▶ SOURCE MATERIAL
#####

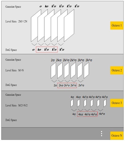 從上式可以知道,將相鄰的兩個(gè)高斯空間的圖像相減就得到了DoG的響應(yīng)圖像。為了得到DoG圖像,先要構(gòu)建高斯尺度空間,而高斯的尺度空間可以在圖像金字塔降采樣的基礎(chǔ)上加上高斯濾波得到,也就是對圖像金字塔的每層圖像使用不同的參數(shù)
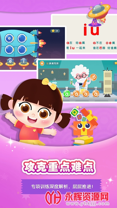 学龄前儿童拼音学习软件,提供丰富动画课程,画面生动,互动学习,边学边训练,更快掌握所学知识,全面提升孩子的听、读、拼、写能力。
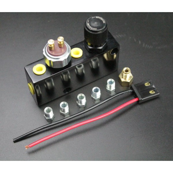 Description: This adjustable proportioning block allows you to run lines from the master cylinder to the block and then to the appropriate wheels. What is neat about it is that it also contains the proportioning valve and brake light switch. This dramatically reduces the amount of fittings needed and potential leaks. The adjustable proportioning valve regulates rear brake pressure, helping to maintain correct brake bias between front and rear brakes. It is designed for dual bowl master cylinders. The distribution block connects to the master cylinder and distributes brake fluid to all four wheels. An easy to turn handle with directional arrows makes it simple to either increase or decrease rear brake pressure. The block accepts 3/16" brake lines and the inlets and outlets on this unit are 3/8"-24 inverted flare females. It has two inlets from the master cylinder, two outlets to the front brakes and one outlet to the rear brakes. It includes five 3/16" fittings and wiring pigtail for rear brake light switch. Mounts to any convenient location. This is not a direct factory replacement for original blocks. Some line modifications may be necessary. Package includes: Black Adjustable Proportioning Valve w/ Distribution Block Five stainless steel fittings for 3/16" brake line Brake light switch and wiring pigtail Professional Installation is Highly Recommended (No Instruction and Wiring Diagram Included) |
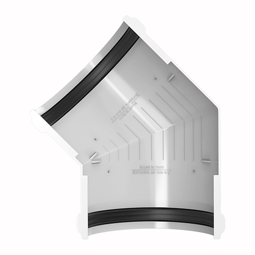 Угол желоба предназначен для соединения желобов на карнизах, которые лежат в одной плоскости, но расположены перпендикулярно относительно друг друга.
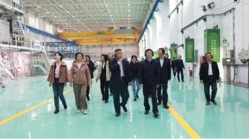 在高級文化紙生產車間現場,馬林向考察組重點展示了世界首創的“無添加”生活用紙以及天然纖維素等新材料研發創新成果。
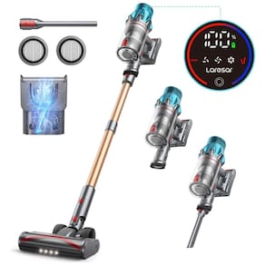 Os aspiradores da ampla variedade Ultra estão equipados com um motor super potente de 550W que proporciona ao aspirador até 45Kpa de potência de sucção, o que facilita a recolha de todo o tipo de lixo como doces, biscoitos, ração para cães, etc. e ajuda você a limpar sua casa com eficiência e rapidez A bateria removível de 2200mAh com 8 baterias integradas oferece uma autonomia de 60min no modo ECO e o potente aspirador sem fio leva apenas 45 horas para uma carga completa, perfeito para uma limpeza completa da casa. O suporte de parede recarregável integra armazenamento e carregamento, o que é muito conveniente e eficiente. A tela de toque digital permite monitorar e ajustar o status de funcionamento do aspirador de pó a qualquer momento. O aspirador sem fio oferece 3 modos EcoAutoMax para atender a todas as necessidades. É especialmente adequado para famílias com animais de estimação porque remove profundamente detritos e sujeira incrustados, como areia de gato, migalhas de comida de cachorro, pêlos de animais de estimação, etc. Para carpetes e tapetes, o modo Max e a potente escova para piso facilitam a aspiração. O Laresar Ultra 7 está equipado com uma nova escova motorizada para piso com tambor em forma de V para minimizar o emaranhamento do cabelo. A escova dois em um integrada não só reduz o incômodo de armazenamento, mas também melhora a aplicabilidade e é adequada para vários móveis e superfícies elétricas, como bancadas, laptops, sofás, etc.
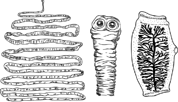 Рассмотрите рисунок с изображением бычьего цепня и определите тип приспособления, форму естественного отбора и путь эволюции, которые привели к формированию бычьего цепня. Заполните пустые ячейки таблицы, используя элементы, приведённые в списке. Для каждой ячейки, обозначенной буквой, выберите соответствующий элемент из предложенного списка.

#####

▶ TASK TO CARRY OUT
Leave the pictures out, and reproduce only the lines from the line holding "在高級文化紙生產車間現場,馬" through the last line of the material, both included.

▶ RESULT OF THIS TASK
 在高級文化紙生產車間現場,馬林向考察組重點展示了世界首創的“無添加”生活用紙以及天然纖維素等新材料研發創新成果。
 Os aspiradores da ampla variedade Ultra estão equipados com um motor super potente de 550W que proporciona ao aspirador até 45Kpa de potência de sucção, o que facilita a recolha de todo o tipo de lixo como doces, biscoitos, ração para cães, etc. e ajuda você a limpar sua casa com eficiência e rapidez A bateria removível de 2200mAh com 8 baterias integradas oferece uma autonomia de 60min no modo ECO e o potente aspirador sem fio leva apenas 45 horas para uma carga completa, perfeito para uma limpeza completa da casa. O suporte de parede recarregável integra armazenamento e carregamento, o que é muito conveniente e eficiente. A tela de toque digital permite monitorar e ajustar o status de funcionamento do aspirador de pó a qualquer momento. O aspirador sem fio oferece 3 modos EcoAutoMax para atender a todas as necessidades. É especialmente adequado para famílias com animais de estimação porque remove profundamente detritos e sujeira incrustados, como areia de gato, migalhas de comida de cachorro, pêlos de animais de estimação, etc. Para carpetes e tapetes, o modo Max e a potente escova para piso facilitam a aspiração. O Laresar Ultra 7 está equipado com uma nova escova motorizada para piso com tambor em forma de V para minimizar o emaranhamento do cabelo. A escova dois em um integrada não só reduz o incômodo de armazenamento, mas também melhora a aplicabilidade e é adequada para vários móveis e superfícies elétricas, como bancadas, laptops, sofás, etc.
 Рассмотрите рисунок с изображением бычьего цепня и определите тип приспособления, форму естественного отбора и путь эволюции, которые привели к формированию бычьего цепня. Заполните пустые ячейки таблицы, используя элементы, приведённые в списке. Для каждой ячейки, обозначенной буквой, выберите соответствующий элемент из предложенного списка.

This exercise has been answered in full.